> PROBLEM TO SOLVE: The entries below contain a line with "Особое внимание привлекает" and a line with "This colourful design". Retype exactly everything from the first down to the second, both included, and nothing else.

> SUPPLIED MATERIAL:

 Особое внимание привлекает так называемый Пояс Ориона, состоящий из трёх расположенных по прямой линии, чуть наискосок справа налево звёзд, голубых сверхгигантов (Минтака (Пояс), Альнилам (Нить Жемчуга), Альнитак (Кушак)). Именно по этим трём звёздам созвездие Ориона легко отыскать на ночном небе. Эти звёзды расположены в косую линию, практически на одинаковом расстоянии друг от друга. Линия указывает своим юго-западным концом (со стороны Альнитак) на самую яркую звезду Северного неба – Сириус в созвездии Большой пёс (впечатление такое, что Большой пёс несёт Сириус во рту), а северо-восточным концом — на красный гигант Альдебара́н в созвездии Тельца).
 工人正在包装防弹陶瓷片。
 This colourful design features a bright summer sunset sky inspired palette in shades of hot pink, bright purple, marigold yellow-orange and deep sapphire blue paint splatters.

--

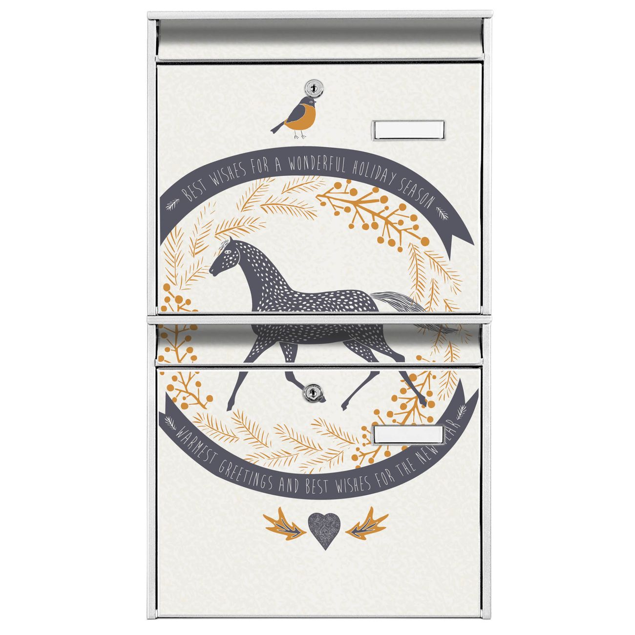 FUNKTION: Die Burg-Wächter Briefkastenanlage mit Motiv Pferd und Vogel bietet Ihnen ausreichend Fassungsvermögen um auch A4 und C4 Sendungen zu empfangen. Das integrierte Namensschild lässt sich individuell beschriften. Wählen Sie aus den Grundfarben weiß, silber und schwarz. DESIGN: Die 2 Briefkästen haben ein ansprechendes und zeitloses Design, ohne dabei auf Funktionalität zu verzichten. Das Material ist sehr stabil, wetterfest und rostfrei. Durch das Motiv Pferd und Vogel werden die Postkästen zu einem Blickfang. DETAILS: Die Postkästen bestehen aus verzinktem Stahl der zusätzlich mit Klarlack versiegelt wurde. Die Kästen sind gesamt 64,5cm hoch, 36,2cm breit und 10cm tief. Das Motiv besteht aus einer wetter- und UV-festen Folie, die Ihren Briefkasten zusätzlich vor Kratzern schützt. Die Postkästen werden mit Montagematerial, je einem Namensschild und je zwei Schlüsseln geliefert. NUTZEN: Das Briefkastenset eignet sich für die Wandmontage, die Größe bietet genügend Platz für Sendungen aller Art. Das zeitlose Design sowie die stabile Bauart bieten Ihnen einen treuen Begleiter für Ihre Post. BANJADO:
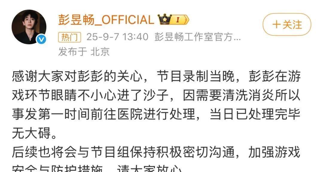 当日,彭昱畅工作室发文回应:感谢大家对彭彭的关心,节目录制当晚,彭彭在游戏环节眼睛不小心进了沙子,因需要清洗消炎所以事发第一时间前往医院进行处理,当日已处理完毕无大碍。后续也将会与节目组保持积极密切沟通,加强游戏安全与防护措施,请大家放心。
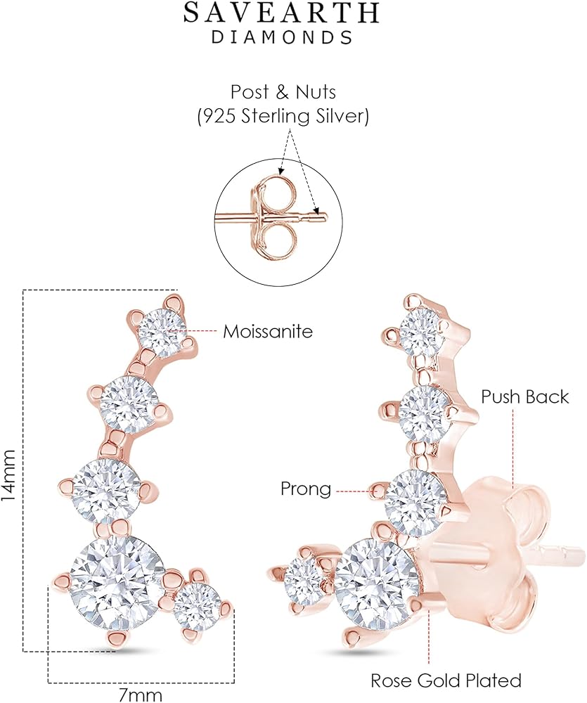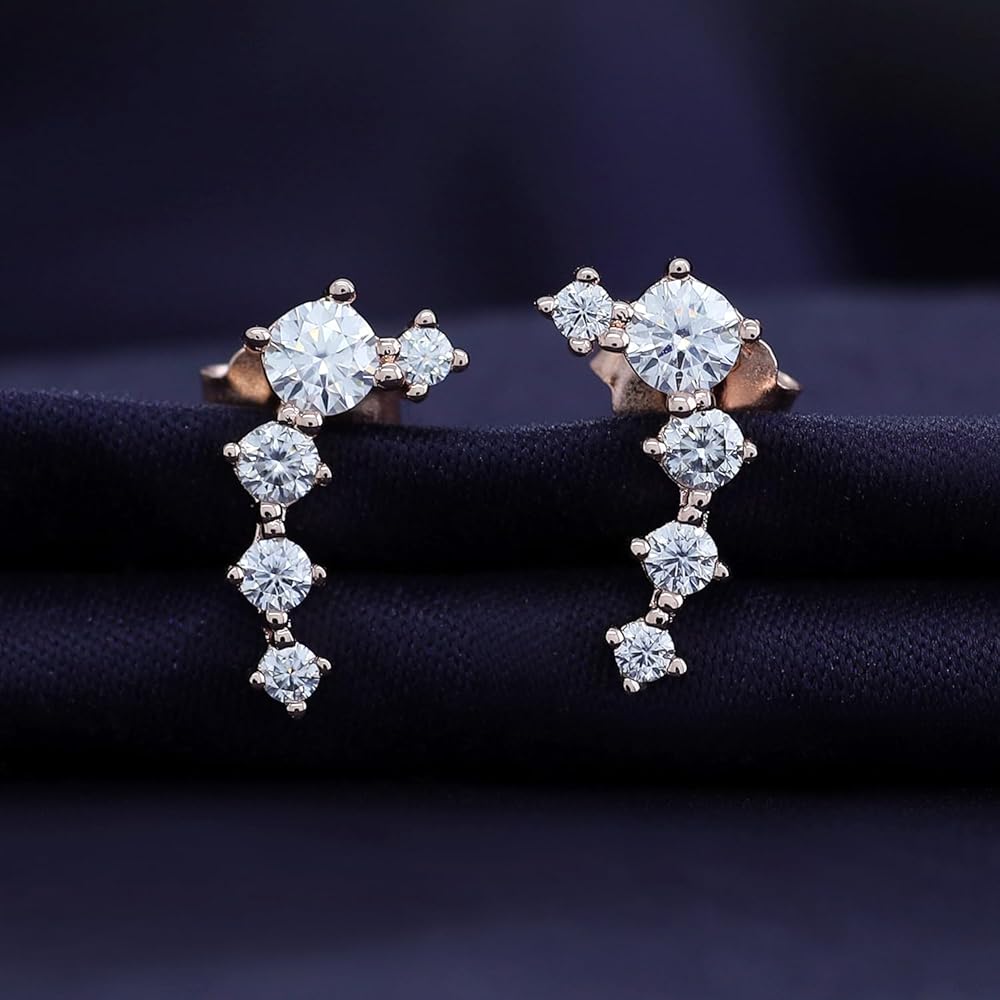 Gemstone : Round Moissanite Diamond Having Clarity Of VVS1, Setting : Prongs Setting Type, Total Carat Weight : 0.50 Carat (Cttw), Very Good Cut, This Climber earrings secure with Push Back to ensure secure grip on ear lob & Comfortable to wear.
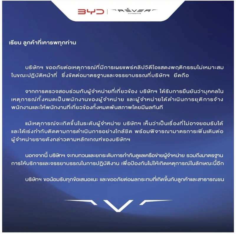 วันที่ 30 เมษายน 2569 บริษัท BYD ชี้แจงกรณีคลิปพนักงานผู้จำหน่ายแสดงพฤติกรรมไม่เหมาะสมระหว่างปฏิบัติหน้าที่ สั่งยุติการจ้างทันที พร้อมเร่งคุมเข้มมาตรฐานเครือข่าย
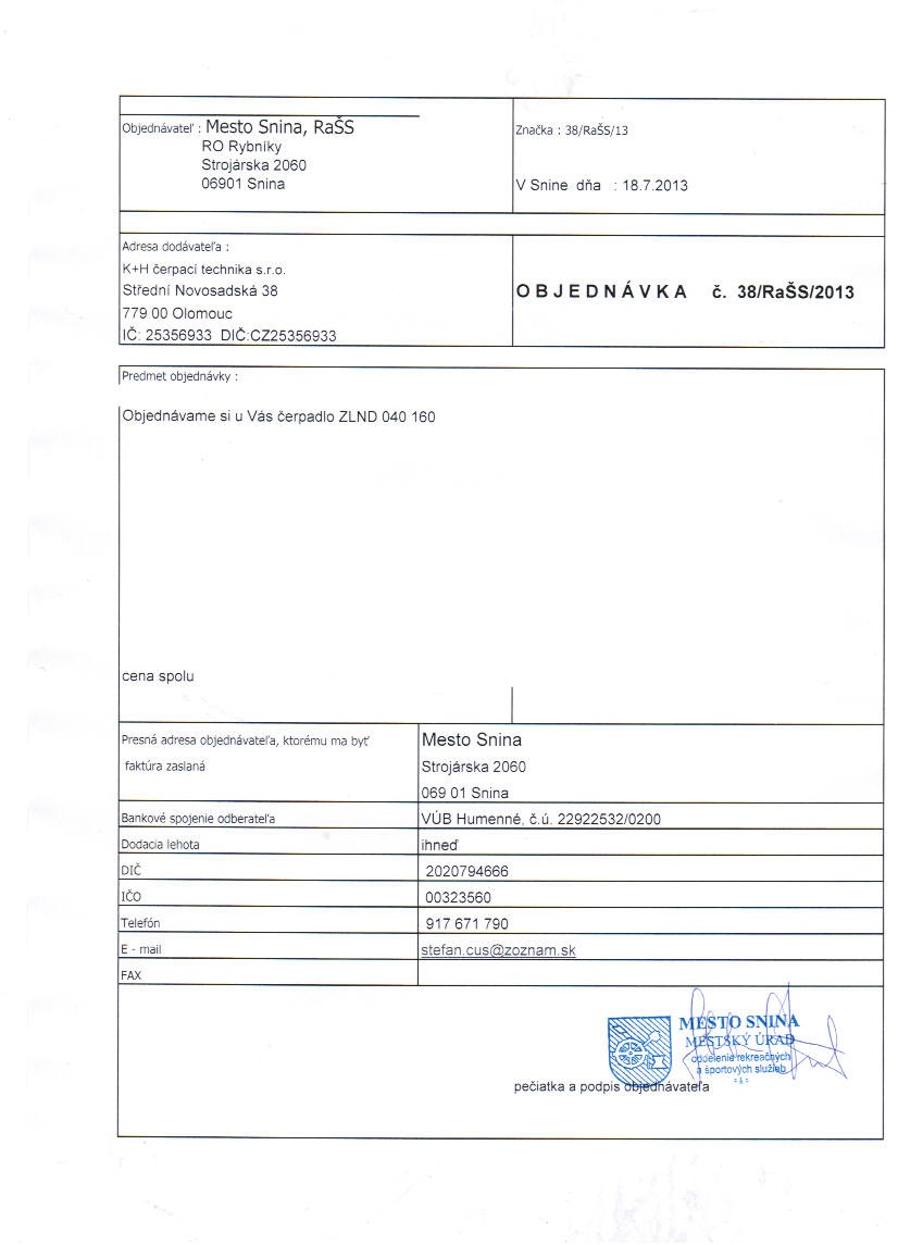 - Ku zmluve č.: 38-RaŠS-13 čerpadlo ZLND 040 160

> WRITTEN SOLUTION:
 Особое внимание привлекает так называемый Пояс Ориона, состоящий из трёх расположенных по прямой линии, чуть наискосок справа налево звёзд, голубых сверхгигантов (Минтака (Пояс), Альнилам (Нить Жемчуга), Альнитак (Кушак)). Именно по этим трём звёздам созвездие Ориона легко отыскать на ночном небе. Эти звёзды расположены в косую линию, практически на одинаковом расстоянии друг от друга. Линия указывает своим юго-западным концом (со стороны Альнитак) на самую яркую звезду Северного неба – Сириус в созвездии Большой пёс (впечатление такое, что Большой пёс несёт Сириус во рту), а северо-восточным концом — на красный гигант Альдебара́н в созвездии Тельца).
 工人正在包装防弹陶瓷片。
 This colourful design features a bright summer sunset sky inspired palette in shades of hot pink, bright purple, marigold yellow-orange and deep sapphire blue paint splatters.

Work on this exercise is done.